Cette fois-ci, on ne regarde plus l’animal de l’extérieur, mais de l’intérieur, à un niveau si petit que l’œil humain ne peut pas voir les différences ou les ressemblances.
Les chercheurs se sont intéressés à une partie du génome, le fragment d’ADN NADH2, particulièrement efficace pour distinguer les espèces au sein du groupe des élasmobranches et ils ont eu quelques surprises : tout d’abord, parmi le genre Mobula (vous vous souvenez ? celui qui est plus petit, avec la bouche sous le corps) on distinguait jusqu’à présent neuf espèces différentes.
Suite à l’analyse génétique, les chercheurs ont trouvé que trois de ces espèces étaient en fait similaires à trois autres, réduisant ainsi le nombre d’espèces de Mobula à six. Ensuite, et c’est la grosse surprise : le genre Manta est supprimé du vocabulaire scientifique ! En effet les raies Manta, qui avaient leur genre bien à elle, ont montré très peu (trop peu) de différences génétiques avec leurs cousines les Mobula et se retrouvent donc regroupées avec le reste des espèces de Mobula, portant ainsi le nombre total d’espèces du genre Mobula à 8 !
Quelle conséquence ?
Pour la communauté scientifique, cette information est importante pour avoir un arbre phylogénétique le plus juste possible. A des fins de conservation, il est important de bien connaître les espèces, leur nombre et les caractéristiques des individus qui les composent, afin d’être sûre d’apporter les protections les mieux adaptées possible à chaque espèce. Aujourd’hui en ce qui concerne les raies Manta, le nom scientifique de la raie Manta de Récif, ce n’est plus Manta alfredi, mais Mobula alfredi.
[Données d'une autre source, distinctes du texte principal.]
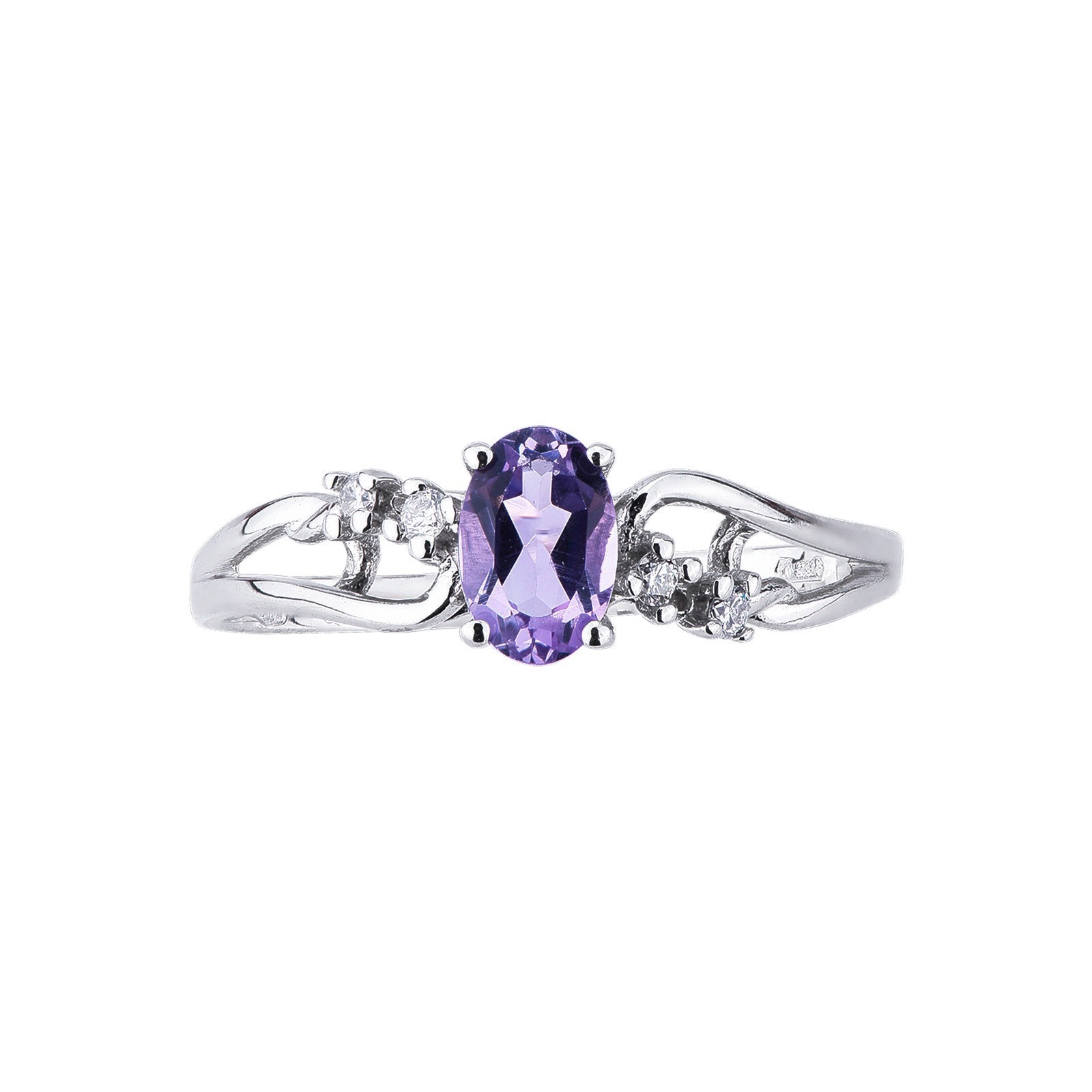 Bague fine en or blanc 18 carats avec améthyste ovale et diamants

Et pour la raie Manta Géante, ce n’est plus Manta birostris, mais Mobula birostris.
Une raie Mobula alfredi dans le lagon de Maupiti. Crédit Photo : Maupiti Diving
Ceci dit, le nom de Manta n’est pas près de disparaître. La célébrité de ces animaux a fait en sorte que ce nom reste à jamais associé à ces géants des mers fascinants bien connus des passionnés de plongée sous-marine.
Pour lire la publication scientifique (en anglais), elle est accessible ici : White et al (2017) Phylogeny of the manta and devilrays (Chondrichthyes: mobulidae), with an updated taxonomic arrangement for the family
Genre = ensemble d'animaux qui regroupent un certain nombre de caractères similaires
Elasmobranches = sous-classes des chondrichtyens (classe de poissons à squelette cartilagineux) qui comprend les raies et les requins.
Arbre phylogénétique = représentation schématique en forme de buisson qui montre la parenté entre les espèces, dont chaque intersection représente l'ancêtre commun des branches qui suivent.